Bankruptcy seems even less likely that since 1996, government revenue, in proportion to GDP, fell.

Between 2006 and 2008 alone, revenues fell by 1 percentage point of GDP: exactly what it will find in addition to paying interest in 2014.

But should the government increase the levies mandatory. Gordon Brown has done in the United Kingdom, by passing the top of the income tax from 40% to 50%. Obama is about to make the United States. For France, this increase is moderate after all: it would suffice to find the level prior to the election of N. Sarkozy. It is in this sense that the increase in public debt can be done with a bit of luck, without pain: as far as N. Sarkozy to reverse his tax shield, and as long as interest rates do not increase. First

fragility of the scenario: the evolution of rates. If they rise, the interest payments can become really important. If we assume a slightly less optimistic average rate of 4.5% instead of 4%, interest payments represent a much more significant revenue-although we are still far from bankruptcy.

But the real danger lies elsewhere: if N Sarkozy increases the tax burden, he will finish the TEPA, and the fundamental objective of most of the French right: tax cuts.

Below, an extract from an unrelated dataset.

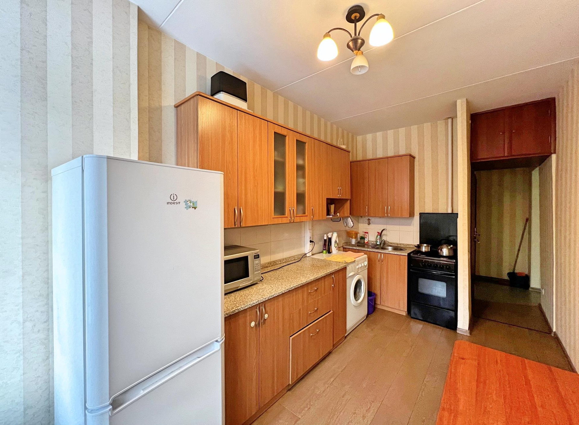 На полу в комнатах ламинат, на кухне и в коридорах- керамогранит, встроенная кухня с холодильником, стиральной машиной. Есть мебель, по договоренности все можно оставить.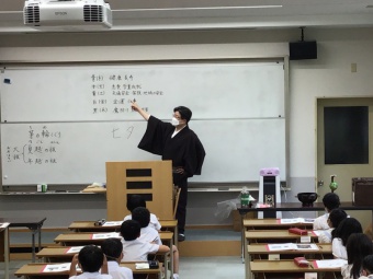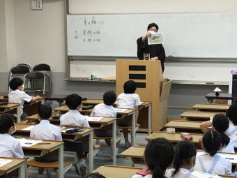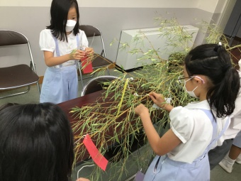 3年生は7月7日木曜日に小笠原流煎茶道の小笠原秀邦家元嗣にご指導いただき、星伝説と神話に田畑の収穫を神々に感謝する祭りが加わってできた、日本独特の七夕行事の成り立ちについて学びました。その後、五色の短冊に願いや目標を記し、こよりで笹に結びました。

Plus: this would be a serious political defeat for Sarkozy, who has identified his share to this decline. Yet it is exactly what the economic logic application that has always led to tax increases after an increase in debt due to exceptional circumstances.

It is therefore expected that any other route is chosen: the reduction of public spending, excluding interest payments. In calling for "drastic policy of fiscal austerity" is exactly what demand Current , whose readers are not ready to agree to pass the tax shield, even as it denies them havens. In the meantime, I'm left to hope that the magazine conducts a "drastic austerity policy its advertising budget "and I shall remove from its listings.